I often find myself reminding my Chemistry and Material Science students that they are not supposed to use direct “quotations” from scientific papers they read but they should paraphrase and cite what they consider the most important information element. I also give them a list of paraphrasing techniques simplifying them down to:

  1. Technical vocabulary (terminology) cannot always be paraphrased (e.g. mobile or stationary phase in chromatography)
  2. Using  synonyms or antonyms can be handy as long as you make sure the meaning is the same
  3. Transforming verbs into nouns (differ–difference) and adjectives into adverbs (and vice versa) can be very helpful
  4. Change the order of information or change from active to passive voice
  5. Acknowledge the authors or you will be plagiarising e.g. Smith et al. (2016) reported that…
  6. Summarise the content leaving out details (keep only what is really relevant to what YOU are trying to say)
  7. Add your own evaluative comments e.g. The main weakness in this report  …
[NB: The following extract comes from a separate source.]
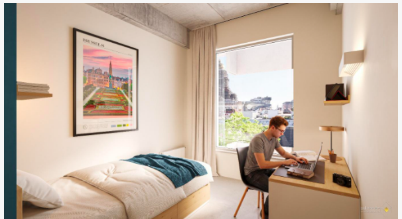
Résidence étudiante Odalys Campus à Bruxelles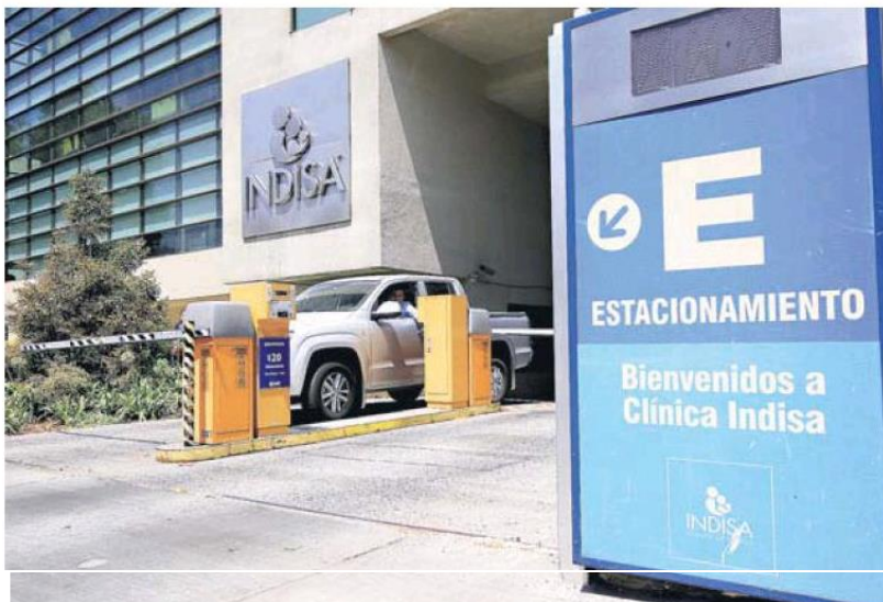
►► Estacionamiento de la Clínica Indisa, ubicada en Providencia.

medida de los proveedores de estacionamientos y malls”, concluyó Chahín.

Then, I ask my students to choose one paragraph of their own from our textbook and paraphrase it legitimately. Yet, things do not always work as I have planned. Despite my sincere efforts to guide my students and hopefully contribute to more effective academic writing, I am always in for a surprise when some students still come up with texts like this:

Original paragraph
Adsorption chromatography was developed first. It has a solid stationary phase and a liquid or gaseous mobile phase. (Plant pigments were separated at the turn of the 20th century by using a calcium carbonate stationary phase and a liquid hydrocarbon mobile phase. The different solutes travelled different distances through the solid, carried along by the solvent.) Each solute has its own equilibrium between adsorption onto the surface of the solid and solubility in the solvent, the least soluble or best adsorbed ones travel more slowly. The result is a separation into bands containing different solutes. Liquid chromatography using a column containing silica gel or alumina is an example of adsorption chromatography. The solvent that is put into a column is called the eluent, and the liquid that flows out of the end of the column is called the eluate.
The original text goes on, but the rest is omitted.